The church of Santa Maria delle anime del Purgatorio ad Arco, one of the main baroque monuments of Naples, is located in via Tribunali. The fame and importance of this church, already famous in the seventeenth century, are mainly related to its Baroque decoration, centered on funeral themes, and the cult of the deceased.
The church was built in the seventeenth century, when the cult of the dead reached its peak, thanks to the initiative of a confraternity founded in 1604 with the intent to raise funds for the celebration of masses of suffrage, the project was entrusted to the great sculptor and architect Cosimo Fanzago.
Funerary motifs recur on the facade, on the outside tapestries with skulls and bronze crossbones, often adorned with fresh flowers and inside.
The church has a single nave, three side chapels and an apse surmounted by a dome, where the magnificence of Baroque art and funerary symbols match perfectly. Inside, covered with polychrome marbles, it is possible to admire important works of art; in the third right chapel, The Death of St. Alexis (1661) by Luca Giordano, in the presbytery the beautiful marbles by Dioniso Lazzari (1655-69), of which the sculpted motif with skull and bones behind the eighteenth-century high altar is impressive; The altarpiece presents The Madonna with the Souls in the Purgatory by Massimo Stanzione and, above, St. Anne and Mary at the feet of the Eternal Father by Giacomo Farelli; on the left, one of the masterpieces by the sculptor Andrea Falcone, the tomb of Giulio Mastrilli, one of the main benefactors of the confraternity, who died in 1652.

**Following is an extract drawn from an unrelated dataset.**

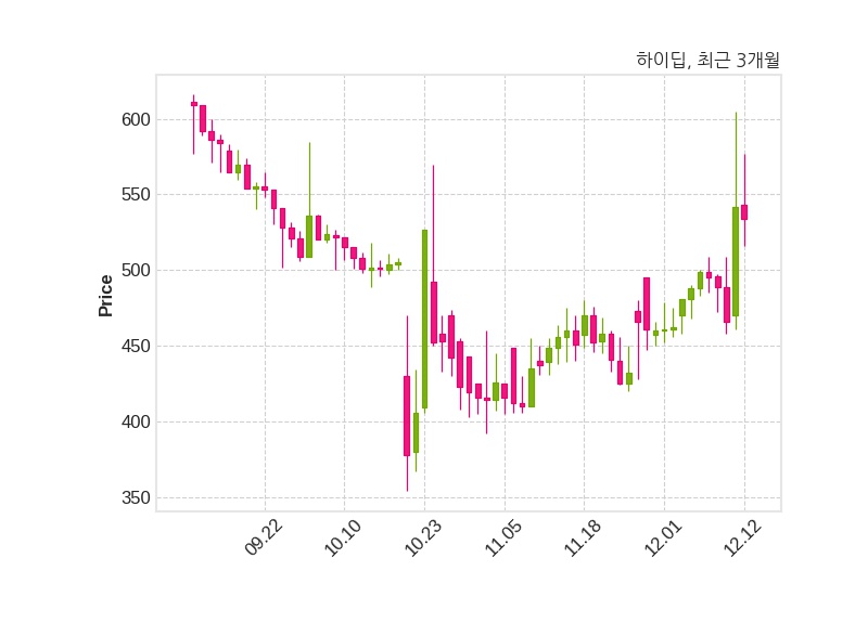 한편, 하이딥은 장 마감 이후 해당 기업공시를 발표했으며 오늘 종가가 534원, 거래량은 2,262,978주로, 직전 거래일 대비 8원(-1.48%) 하락했다.

In the third chapel on the left is the work of Andrea Vaccaro Transito di San Giuseppe, in the first chapel of San Michele di Gerolamo de Magistro.
The interior, the sacristy and the oratory of the Immaculate and the hypogeum, house the museum of the Opera Pia Purgatorio ad Arco, which exhibits liturgical objects, vestments, chalices, books, furnishings of the celebrations and other testimonies ranging from the seventeenth to the nineteenth century.
A staircase to the left of the entrance leads to the large hypogeum, where there are burials dating back to the seventeenth, eighteenth, nineteenth centuries, the object of popular veneration.
Until a few years ago, the most famous part of the church was the cemetery below, thanks to the survival of a religious practice deeply rooted in the city, the cult of the so-called “souls of purgatory”, also called “pezzentelle souls”, a cult aimed particularly at the anonymous dead and without relatives, considered intermediaries between mortals and official deities.
The devotees took care of their material remains, in particular the skulls, the so-called “capozzelle“; this guaranteed peace to the dead who offered, in exchange for treatment, protection and advice on problems, concerns and even frivolous issues, such as numbers to play the lottery and love affairs.
This practice also took place in the crypt of Sant’Agostino alla Zecca, in that of San Pietro ad Aram and in the cemetery of the Fontanelle.
Address: Tribunali, 39 (street)
Church: Monday to Saturday from 10.00 a.m. to 2.00 p.m.